Ivanti Under Siege: Investigating the Ivanti Endpoint Manager Mobile Vulnerabilities (CVE-2025-4427 & CVE-2025-4428)

ivanti cve exploitation edge infrastructure Default blog imageDefault blog image

Ivanti & Edge infrastructure exploitation

Edge infrastructure exploitations continue to prevail in today’s cyber threat landscape; therefore, it was no surprise that recent Ivanti Endpoint Manager Mobile (EPMM) vulnerabilities CVE-2025-4427 and CVE-2025-4428 were exploited targeting organizations in critical sectors such as healthcare, telecommunications, and finance across the globe, including across the Darktrace customer base in May 2025.

Exploiting these types of vulnerabilities remains a popular choice for threat actors seeking to enter an organization’s network to perform malicious activity such as cyber espionage, data exfiltration and ransomware detonation.

Vulnerabilities in Ivanti EPMM

Ivanti EPMM allows organizations to manage and configure enterprise mobile devices.

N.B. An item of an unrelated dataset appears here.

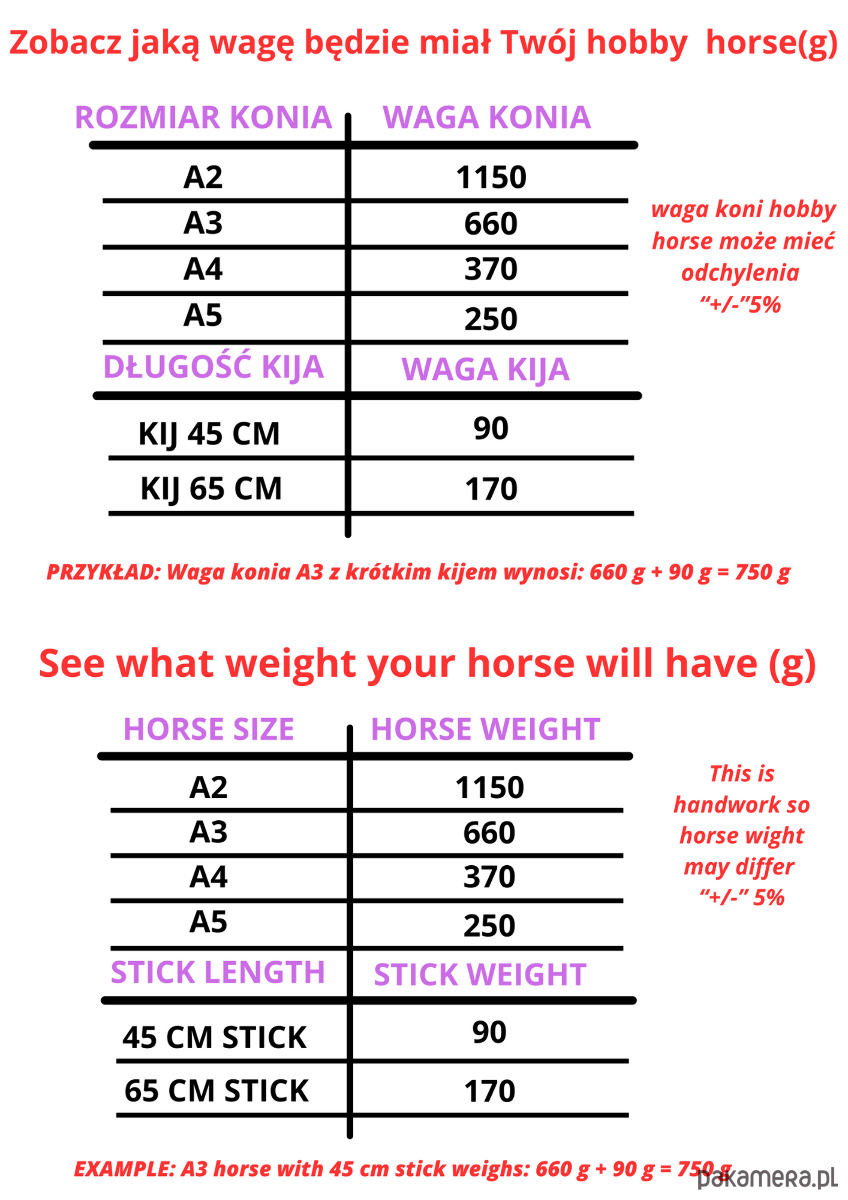 Hobby Horse to nasz Bestseller, dostępny w czterech rozmiarach (A2-A5) dla jeszcze lepszego dopasowania do Twoich potrzeb. Oferujemy także możliwość wyboru długości kija, co pozwala na pełną personalizację produktu.

On May 13, 2025, Ivanti published a security advisory [1] for their Ivanti Endpoint Manager Mobile (EPMM) devices addressing a medium and high severity vulnerability:

  • CVE-2025-4427, CVSS: 5.6: An authentication bypass vulnerability
  • CVE-2025-4428, CVSS: 7.2: Remote code execution vulnerability

Successfully exploiting both vulnerabilities at the same time could lead to unauthenticated remote code execution from an unauthenticated threat actor, which could allow them to control, manipulate, and compromise managed devices on a network [2].

Shortly after the disclosure of these vulnerabilities, external researchers uncovered evidence that they were being actively exploited in the wild and identified multiple indicators of compromise (IoCs) related to post-exploitation activities for these vulnerabilities [2] [3]. Research drew particular attention to the infrastructure utilized in ongoing exploitation activity, such as leveraging the two vulnerabilities to eventually deliver malware contained within ELF files from Amazon Web Services (AWS) S3 bucket endpoints and to deliver KrustyLoader malware for persistence. KrustyLoader is a Rust based malware that was discovered being downloaded in compromised Ivanti Connect Secure systems back in January 2024 when the zero-day critical vulnerabilities; CVE-2024-21887 and CVE-2023-46805 [10].

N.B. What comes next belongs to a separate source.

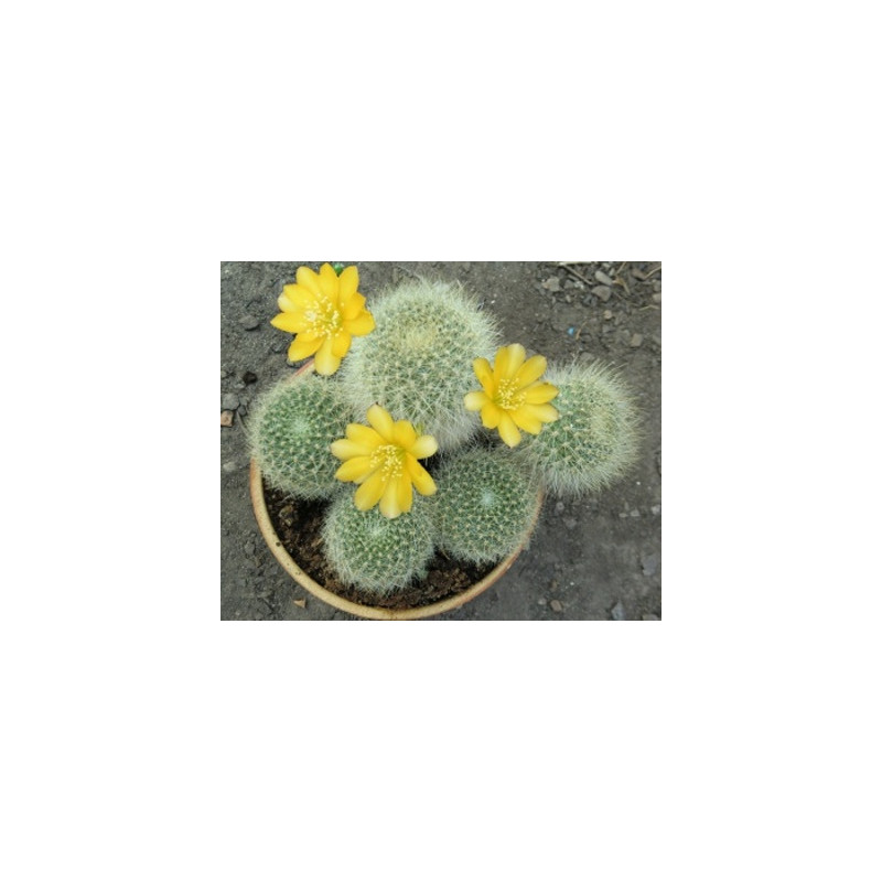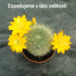 Kaktus pokrytý bílými, měkkými ostny. Vonné zlatožluté květy 2,5cm v průměru. Později vytváří shluky těl. Pochází z Mexika. Expedujeme rostliny: Ø květináče 5,5cm.

This suggests the involvement of the threat actor UNC5221, a suspected China-nexus espionage actor [3].

In addition to exploring the post-exploit tactics, techniques, and procedures (TTPs) observed for these vulnerabilities across Darktrace’s customer base, this blog will also examine the subtle changes and similarities in the exploitation of earlier Ivanti vulnerabilities—specifically Ivanti Connect Secure (CS) and Policy Secure (PS) vulnerabilities CVE-2023-46805 and CVE-2024-21887 in early 2024, as well as CVE-2025-0282 and CVE-2025-0283, which affected CS, PS, and Zero Trust Access (ZTA) in January 2025.

Darktrace Coverage

In May 2025, shortly after Ivanti disclosed vulnerabilities in their EPMM product, Darktrace’s Threat Research team identified attack patterns potentially linked to the exploitation of these vulnerabilities across multiple customer environments. The most noteworthy attack chain activity observed included exploit validation, payload delivery via AWS S3 bucket endpoints, subsequent delivery of script-based payloads, and connections to dpaste[.]com, possibly for dynamic payload retrieval. In a limited number of cases, connections were also made to an IP address associated with infrastructure linked to SAP NetWeaver vulnerability CVE-2025-31324, which has been investigated by Darktrace in an earlier case.

Exploit Validation

Darktrace observed devices within multiple customer environments making connections related to Out-of-Band Application Security Testing (OAST). These included a range of DNS requests and connections, most of which featured a user agent associated with the command-line tool cURL, directed toward associated endpoints. The hostnames of these endpoints consisted of a string of randomly generated characters followed by an OAST domain, such as 'oast[.]live', 'oast[.]pro', 'oast[.]fun', 'oast[.]site', 'oast[.]online', or 'oast[.]me'. OAST endpoints can be leveraged by malicious actors to trigger callbacks from targeted systems, such as for exploit validation. This activity, likely representing the initial phase of the attack chain observed across multiple environments, was also seen in the early stages of previous investigations into the exploitation of Ivanti vulnerabilities [4]. Darktrace also observed similar exploit validation activity during investigations conducted in January 2024 into the Ivanti CS vulnerabilities CVE-2023-46805 and CVE-2024-21887.

Payload Delivery via AWS

Devices across multiple customer environments were subsequently observed downloading malicious ELF files—often with randomly generated filenames such as 'NVGAoZDmEe'—from AWS S3 bucket endpoints like 's3[.]amazonaws[.]com'. These downloads occurred over HTTP connections, typically using wget or cURL user agents. Some of the ELF files were later identified to be KrustyLoader payloads using open-source intelligence (OSINT). External researchers have reported that the KrustyLoader malware is executed in cases of Ivanti EPMM exploitation to gain and maintain a foothold in target networks [2].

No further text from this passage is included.